▶ Dataset extract
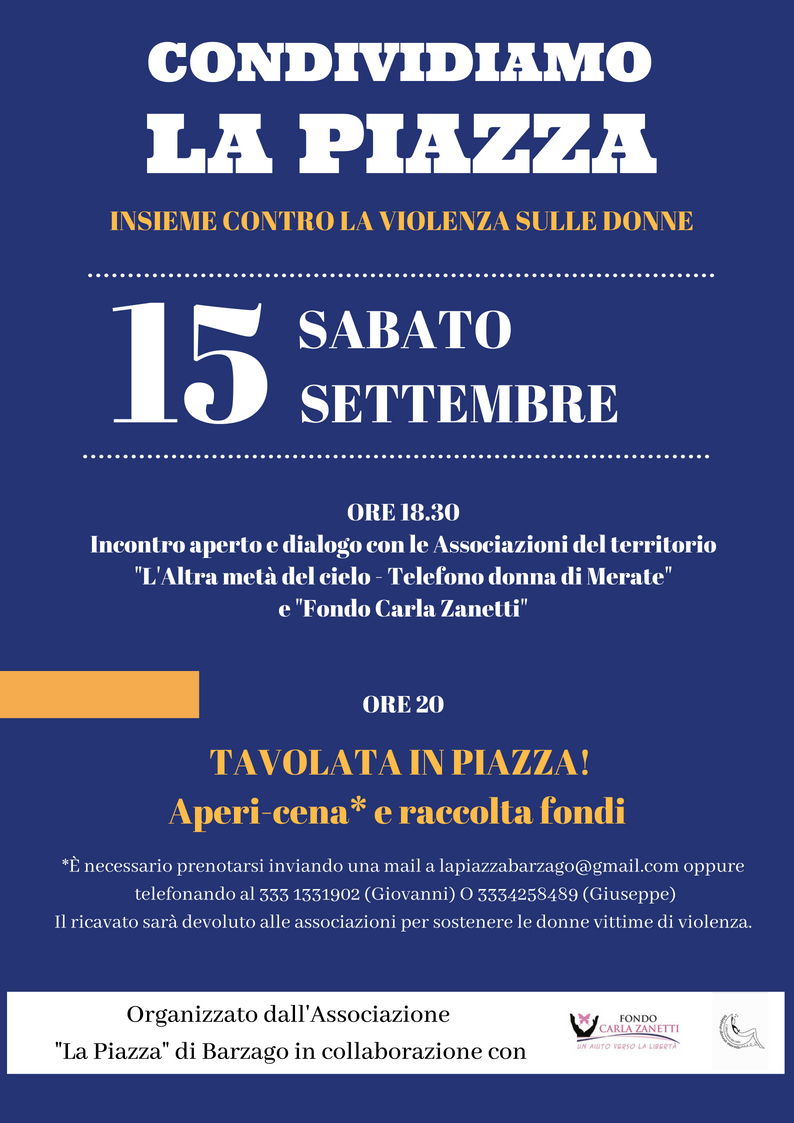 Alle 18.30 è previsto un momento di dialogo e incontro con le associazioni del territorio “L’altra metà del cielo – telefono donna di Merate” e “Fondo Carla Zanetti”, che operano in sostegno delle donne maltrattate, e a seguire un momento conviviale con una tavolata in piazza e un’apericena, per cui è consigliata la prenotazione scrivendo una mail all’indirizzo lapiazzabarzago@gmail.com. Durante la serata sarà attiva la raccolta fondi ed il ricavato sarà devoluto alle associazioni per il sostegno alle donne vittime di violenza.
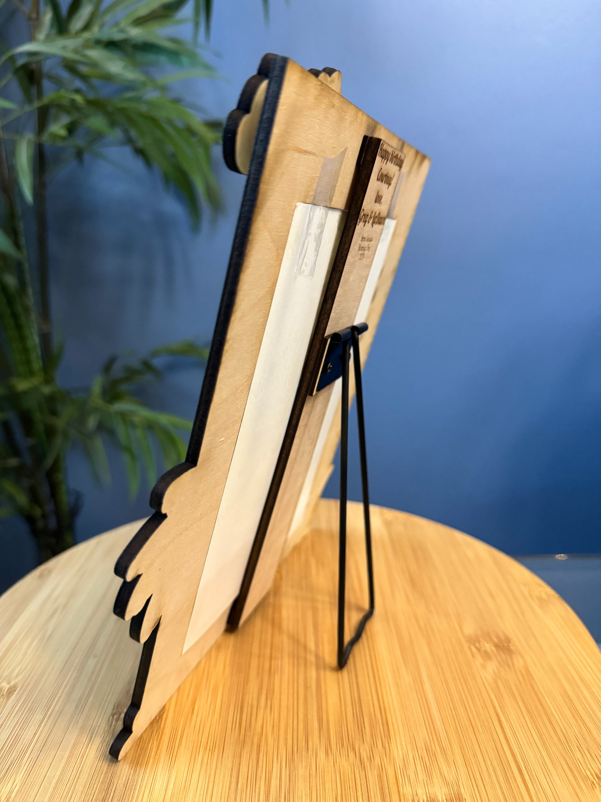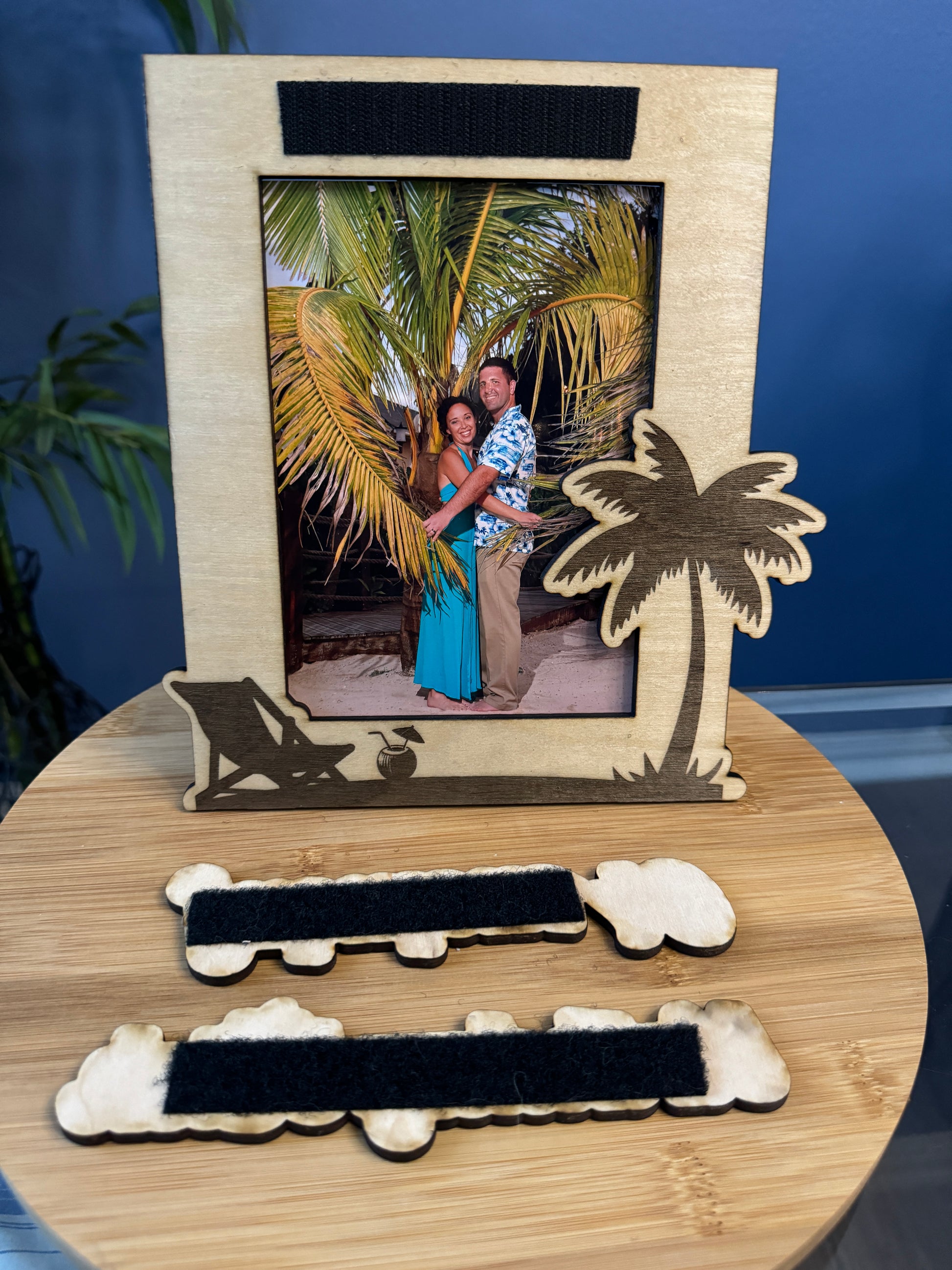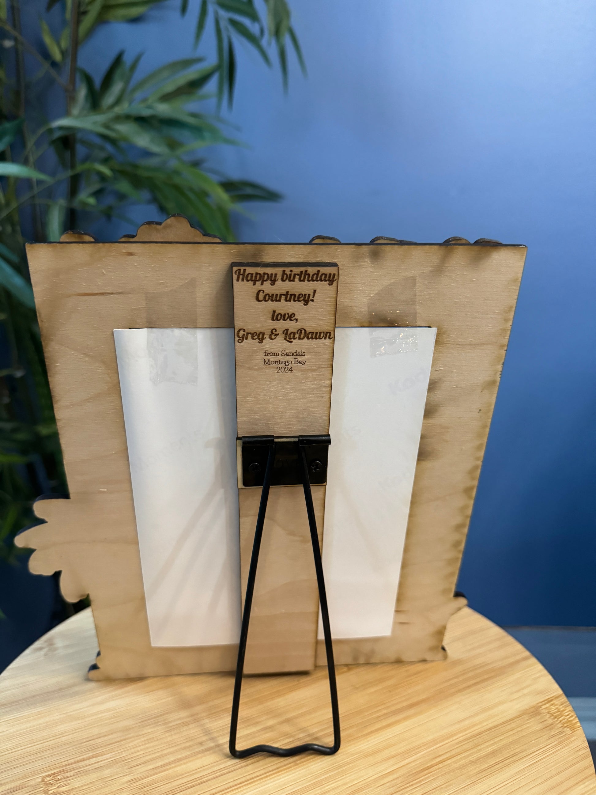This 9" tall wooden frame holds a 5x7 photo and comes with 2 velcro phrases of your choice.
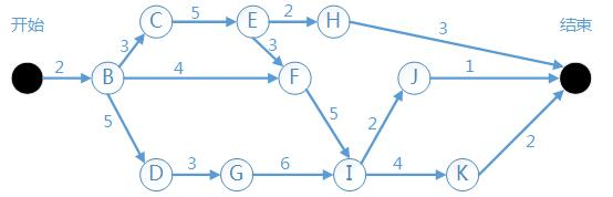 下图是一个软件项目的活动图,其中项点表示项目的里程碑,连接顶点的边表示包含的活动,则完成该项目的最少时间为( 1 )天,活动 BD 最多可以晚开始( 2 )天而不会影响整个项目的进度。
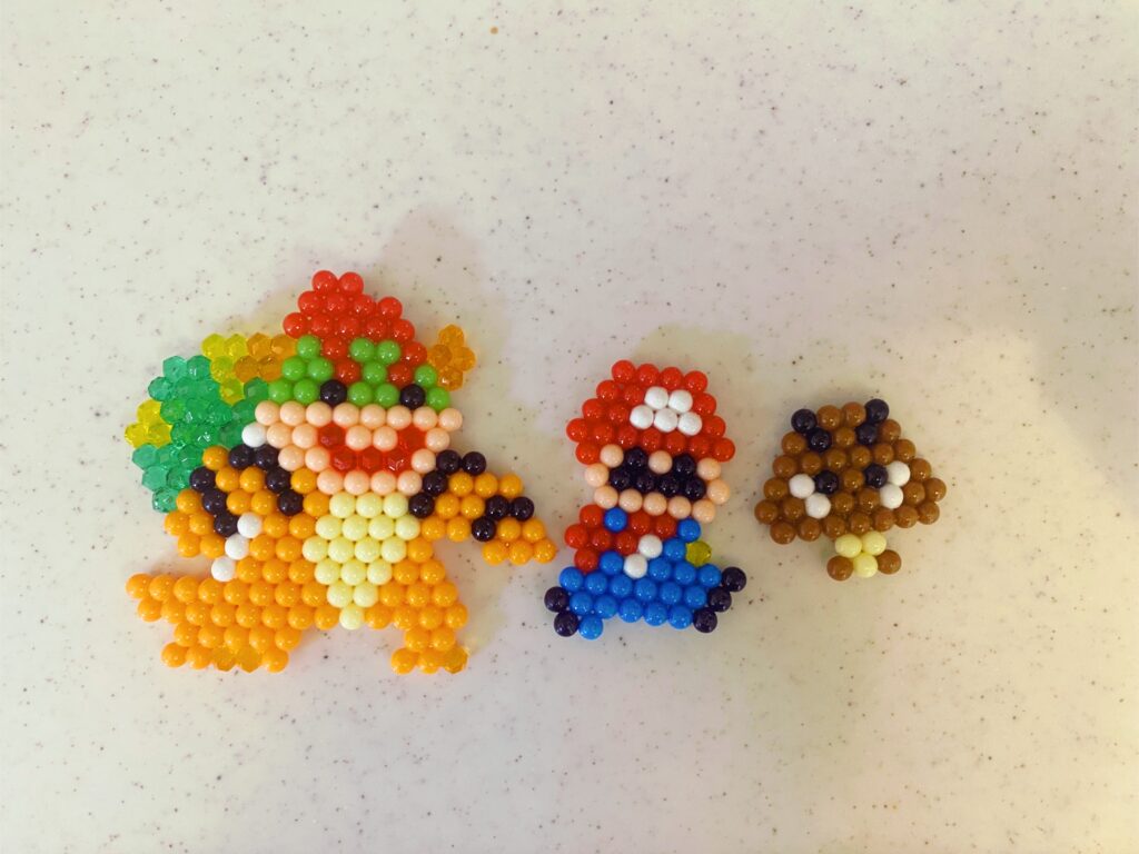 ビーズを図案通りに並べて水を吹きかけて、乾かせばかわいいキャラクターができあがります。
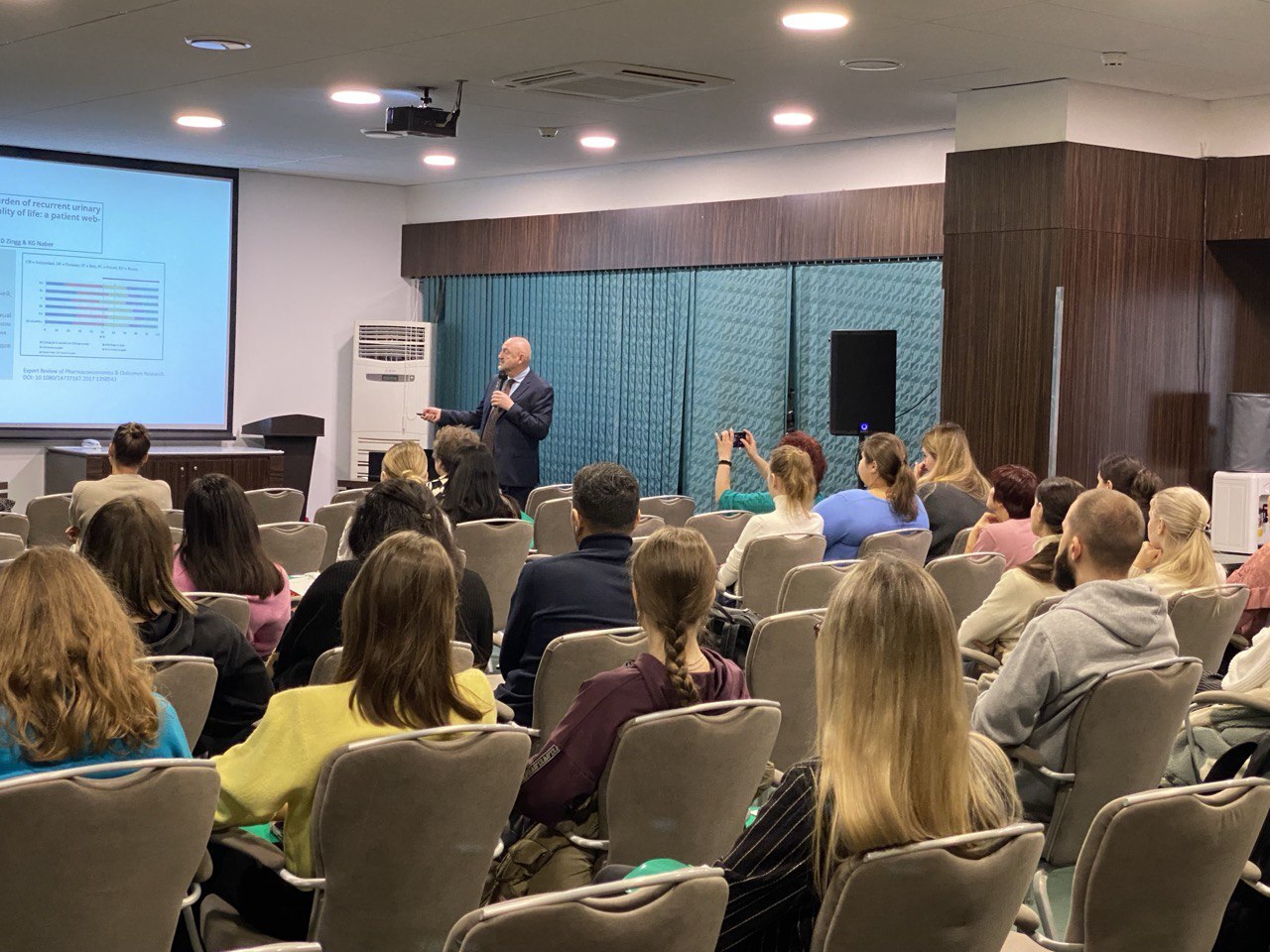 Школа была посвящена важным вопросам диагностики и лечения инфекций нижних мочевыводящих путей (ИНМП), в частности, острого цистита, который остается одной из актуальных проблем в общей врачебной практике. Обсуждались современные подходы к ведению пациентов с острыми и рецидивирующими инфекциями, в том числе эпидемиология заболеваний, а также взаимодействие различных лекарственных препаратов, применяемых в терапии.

▶ Goal of the exercise
Please write out all the entries above exactly, but leave out the pictures.

▶ Problem solution
 Alle 18.30 è previsto un momento di dialogo e incontro con le associazioni del territorio “L’altra metà del cielo – telefono donna di Merate” e “Fondo Carla Zanetti”, che operano in sostegno delle donne maltrattate, e a seguire un momento conviviale con una tavolata in piazza e un’apericena, per cui è consigliata la prenotazione scrivendo una mail all’indirizzo lapiazzabarzago@gmail.com. Durante la serata sarà attiva la raccolta fondi ed il ricavato sarà devoluto alle associazioni per il sostegno alle donne vittime di violenza.
This 9" tall wooden frame holds a 5x7 photo and comes with 2 velcro phrases of your choice.
 下图是一个软件项目的活动图,其中项点表示项目的里程碑,连接顶点的边表示包含的活动,则完成该项目的最少时间为( 1 )天,活动 BD 最多可以晚开始( 2 )天而不会影响整个项目的进度。
 ビーズを図案通りに並べて水を吹きかけて、乾かせばかわいいキャラクターができあがります。
 Школа была посвящена важным вопросам диагностики и лечения инфекций нижних мочевыводящих путей (ИНМП), в частности, острого цистита, который остается одной из актуальных проблем в общей врачебной практике. Обсуждались современные подходы к ведению пациентов с острыми и рецидивирующими инфекциями, в том числе эпидемиология заболеваний, а также взаимодействие различных лекарственных препаратов, применяемых в терапии.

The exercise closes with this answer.